I am trying to write a code to solve the ToH problem by using UCS and A* algorithms and then compare the results. So, the first thing I should do is representing the possible movements as a tree, then the UCS and A* algorithms can go through the tree easily.
Suppose we have 3 stacks and 5 disks, so the initial state will be:
# The Num of stacks is the number of elements in the list.
# The Num of disks is the length of each element in the list.
key = ["12345","00000","00000"]
# A B C
What I need is to build a function that predicts the possible next movements, so the next step could be:
["12340","00005","00000"] or ["12340","00000","00005"]
# so these states will saved as:
dic ={}
x= repr(key)
dic[x] = ["12340","00005","00000"]
# the result:
# ["12345","00000","00000"] : ["12340","00005","00000"]
I tried this naive code:
# there are bugs but I am still working on it
for indx, block in enumerate(key):
for i, char in enumerate(reversed(block)):
if char != "0":
for indx2, block2 in enumerate(key):
if indx2 == indx: pass
for ii, char2 in enumerate(reversed(block2)):
if char2 == "0":
temp=block[i]
block[i]= block2[ii]
block2[ii]=temp
print(key)
Is there any pseudocode or ideas that could help?

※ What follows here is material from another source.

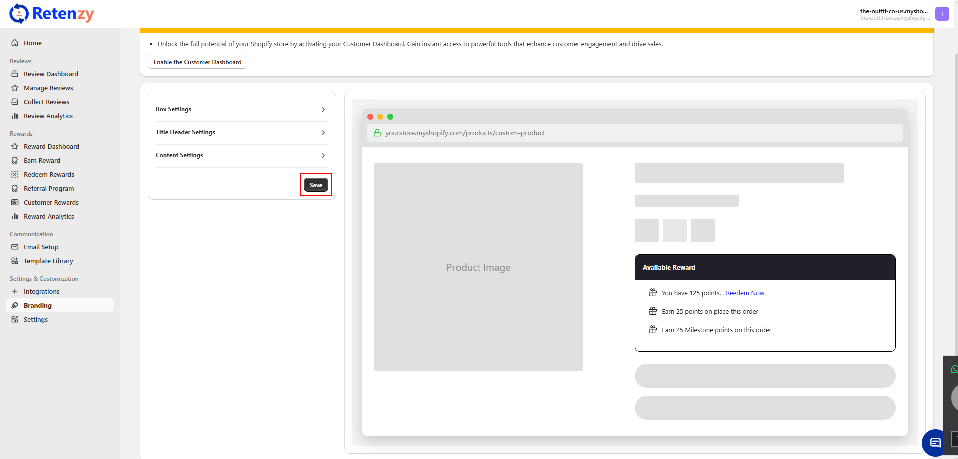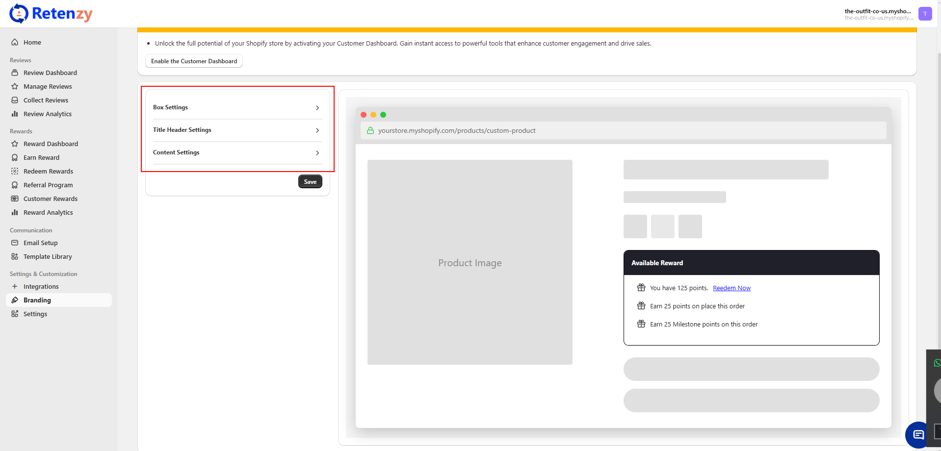 On the right-hand side, you’ll see a live preview of how the reward box appears on the product page.

For solving the Towers of Hanoi problem there is no need to build the graph of states, as there is a mathematical formula to determine which next move to make.
Still, if you are going to make the graph, then I would suggest to shorten the key to a this format: 12345||. The pipes separate the piles. So if you would move the 5 to the middle stack, its key would be 1234|5|. If then you move the 4 to the last stack: 123|5|4, ...etc.
During the creation of the graph, you could switch to a list of lists, like [["1","2","3"], [], []], so it is easier to manipulate. Your idea to use a dictionary is fine, however, there can be several valid moves from one state, so you would need a list of states.
Nodes in a graph are often implemented with a Node class, so I would suggest this code:
class Node:
def __init__(self, key):
self.key = key
self.children = []
def create_tree(stacks, tree=None):
if not tree:
tree = {}
key = "|".join(["".join(discs) for discs in stacks])
if key in tree: # this node was already created
return tree[key]
tree[key] = node = Node(key)
for source in stacks:
if source:
disc = source[-1]
for target in stacks:
if not target or disc > target[-1]:
# perform the move:
target.append(source.pop())
# recursion
node.children.append(create_tree(stacks, tree))
# undo the move
source.append(target.pop())
return node
root = create_tree([["1","2","3","4","5"], [], []])
After running this, root will be a Node instance with two nodes in its children property. Each of those children will have three children, including a back reference to the root, representing the inverse move.
I kept the dictionary (called tree) hidden in the implementation. If you feel you need access to it, then you could of course make it a non-local variable, or pass it as argument.